Give back the whole listing word for word and skip each picture.

Data below —
------

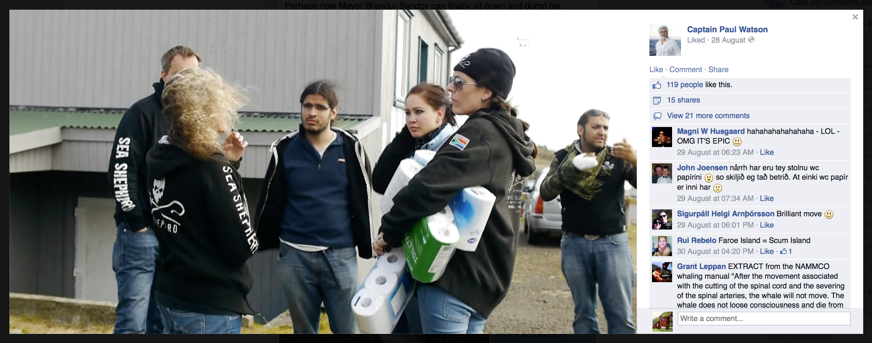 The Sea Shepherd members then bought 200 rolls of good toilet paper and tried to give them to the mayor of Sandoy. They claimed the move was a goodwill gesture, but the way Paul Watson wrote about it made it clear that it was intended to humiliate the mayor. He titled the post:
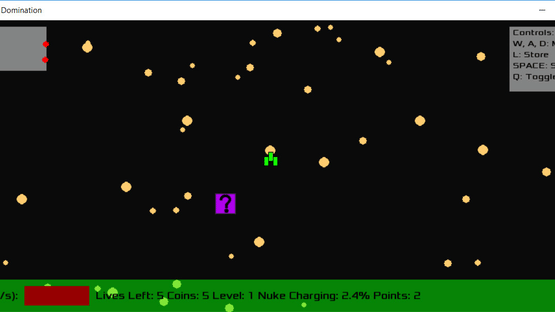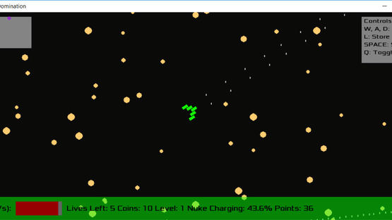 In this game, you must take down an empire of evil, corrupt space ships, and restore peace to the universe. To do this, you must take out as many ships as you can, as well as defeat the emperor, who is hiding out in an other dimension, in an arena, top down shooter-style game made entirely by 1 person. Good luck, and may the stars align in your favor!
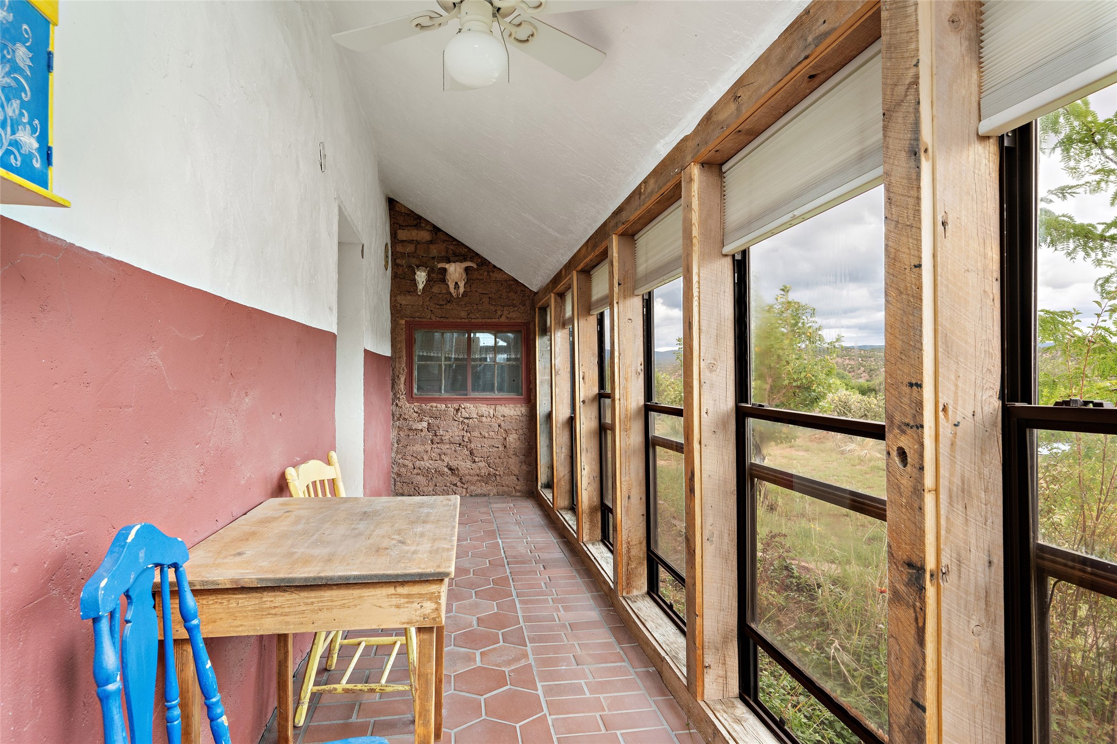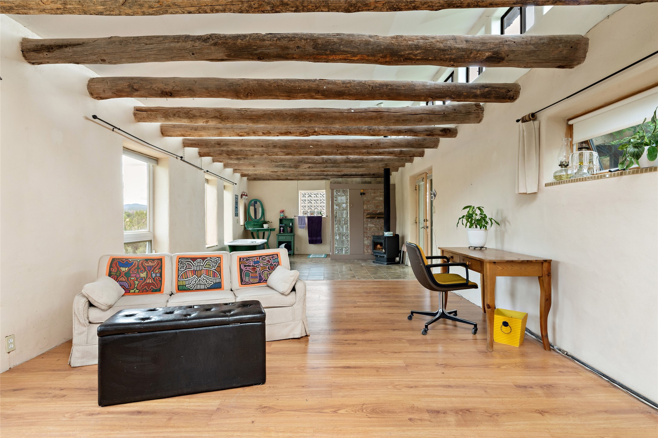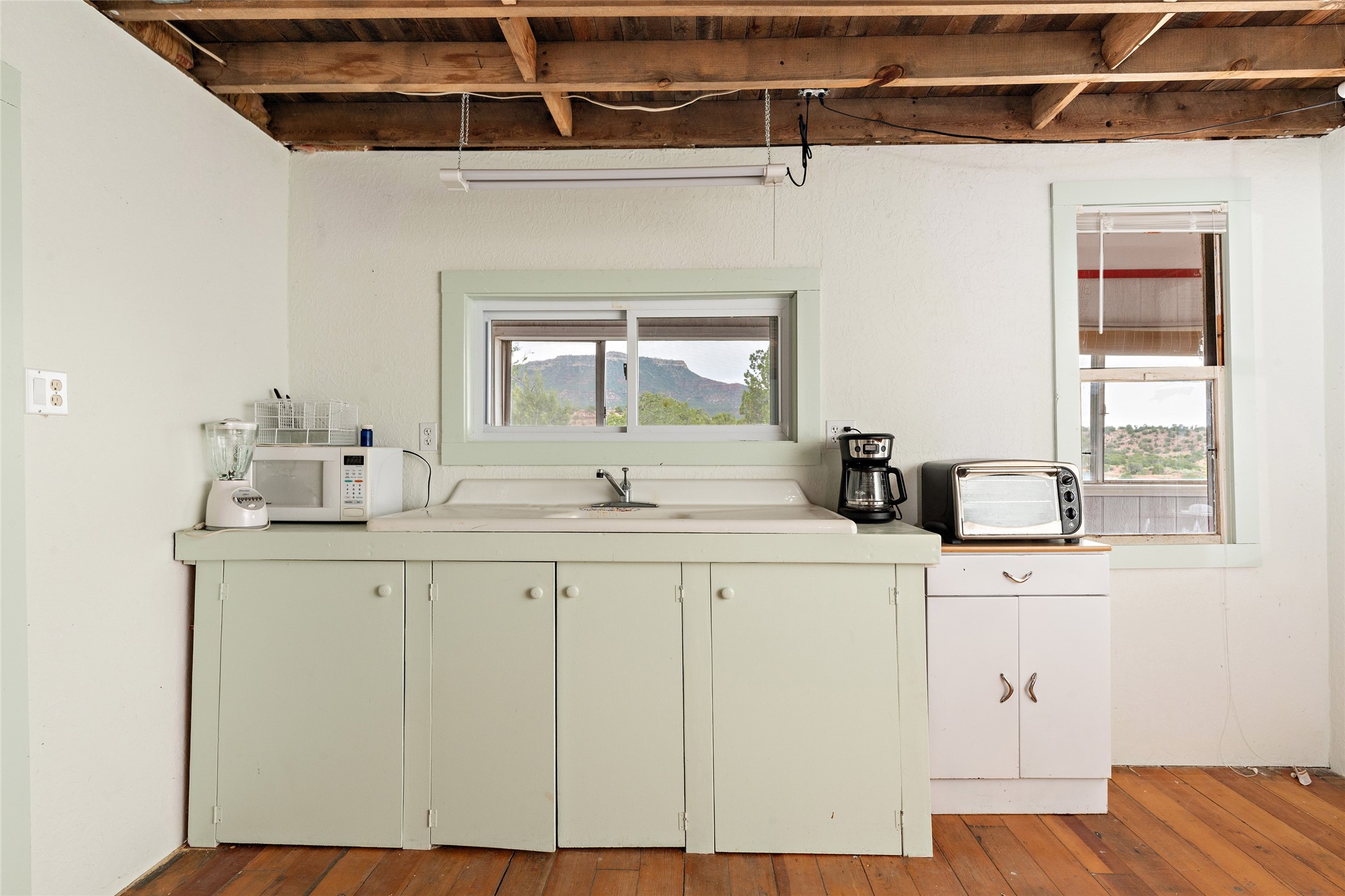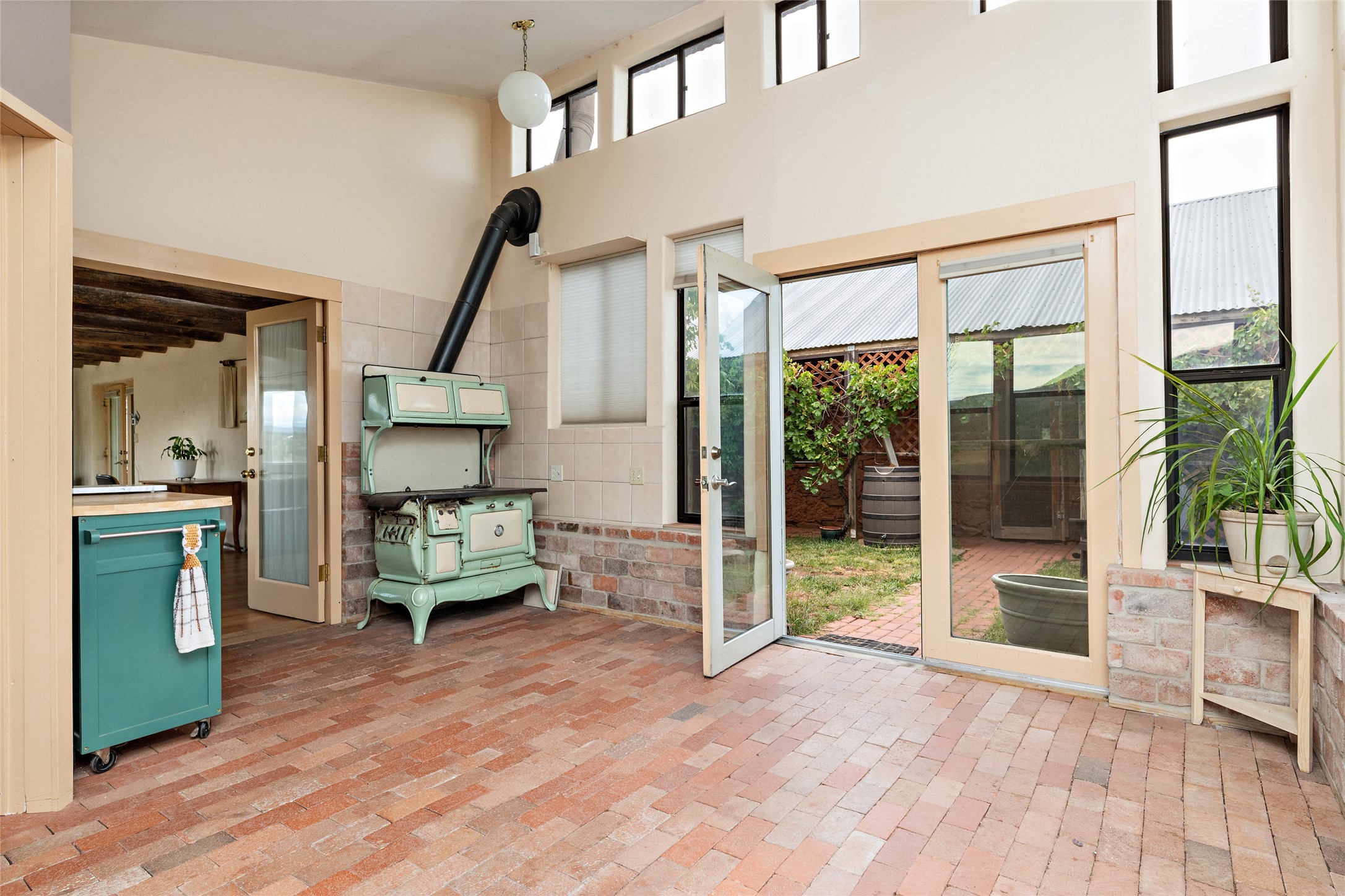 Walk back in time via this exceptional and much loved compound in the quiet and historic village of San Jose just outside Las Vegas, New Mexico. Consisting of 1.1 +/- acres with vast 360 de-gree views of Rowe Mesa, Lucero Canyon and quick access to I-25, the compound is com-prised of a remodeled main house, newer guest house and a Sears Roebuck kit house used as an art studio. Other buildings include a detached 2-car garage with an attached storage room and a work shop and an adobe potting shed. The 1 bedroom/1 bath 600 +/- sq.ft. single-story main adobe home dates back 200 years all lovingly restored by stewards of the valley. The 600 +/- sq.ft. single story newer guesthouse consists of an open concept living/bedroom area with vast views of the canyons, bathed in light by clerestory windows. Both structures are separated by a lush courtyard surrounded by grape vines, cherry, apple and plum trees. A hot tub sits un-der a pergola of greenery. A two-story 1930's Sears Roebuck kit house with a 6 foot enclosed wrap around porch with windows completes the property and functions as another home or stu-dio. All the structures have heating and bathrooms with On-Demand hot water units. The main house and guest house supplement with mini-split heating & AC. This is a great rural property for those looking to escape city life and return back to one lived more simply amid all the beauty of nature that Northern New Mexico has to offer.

------

Written answer —
 The Sea Shepherd members then bought 200 rolls of good toilet paper and tried to give them to the mayor of Sandoy. They claimed the move was a goodwill gesture, but the way Paul Watson wrote about it made it clear that it was intended to humiliate the mayor. He titled the post:
 In this game, you must take down an empire of evil, corrupt space ships, and restore peace to the universe. To do this, you must take out as many ships as you can, as well as defeat the emperor, who is hiding out in an other dimension, in an arena, top down shooter-style game made entirely by 1 person. Good luck, and may the stars align in your favor!
 Walk back in time via this exceptional and much loved compound in the quiet and historic village of San Jose just outside Las Vegas, New Mexico. Consisting of 1.1 +/- acres with vast 360 de-gree views of Rowe Mesa, Lucero Canyon and quick access to I-25, the compound is com-prised of a remodeled main house, newer guest house and a Sears Roebuck kit house used as an art studio. Other buildings include a detached 2-car garage with an attached storage room and a work shop and an adobe potting shed. The 1 bedroom/1 bath 600 +/- sq.ft. single-story main adobe home dates back 200 years all lovingly restored by stewards of the valley. The 600 +/- sq.ft. single story newer guesthouse consists of an open concept living/bedroom area with vast views of the canyons, bathed in light by clerestory windows. Both structures are separated by a lush courtyard surrounded by grape vines, cherry, apple and plum trees. A hot tub sits un-der a pergola of greenery. A two-story 1930's Sears Roebuck kit house with a 6 foot enclosed wrap around porch with windows completes the property and functions as another home or stu-dio. All the structures have heating and bathrooms with On-Demand hot water units. The main house and guest house supplement with mini-split heating & AC. This is a great rural property for those looking to escape city life and return back to one lived more simply amid all the beauty of nature that Northern New Mexico has to offer.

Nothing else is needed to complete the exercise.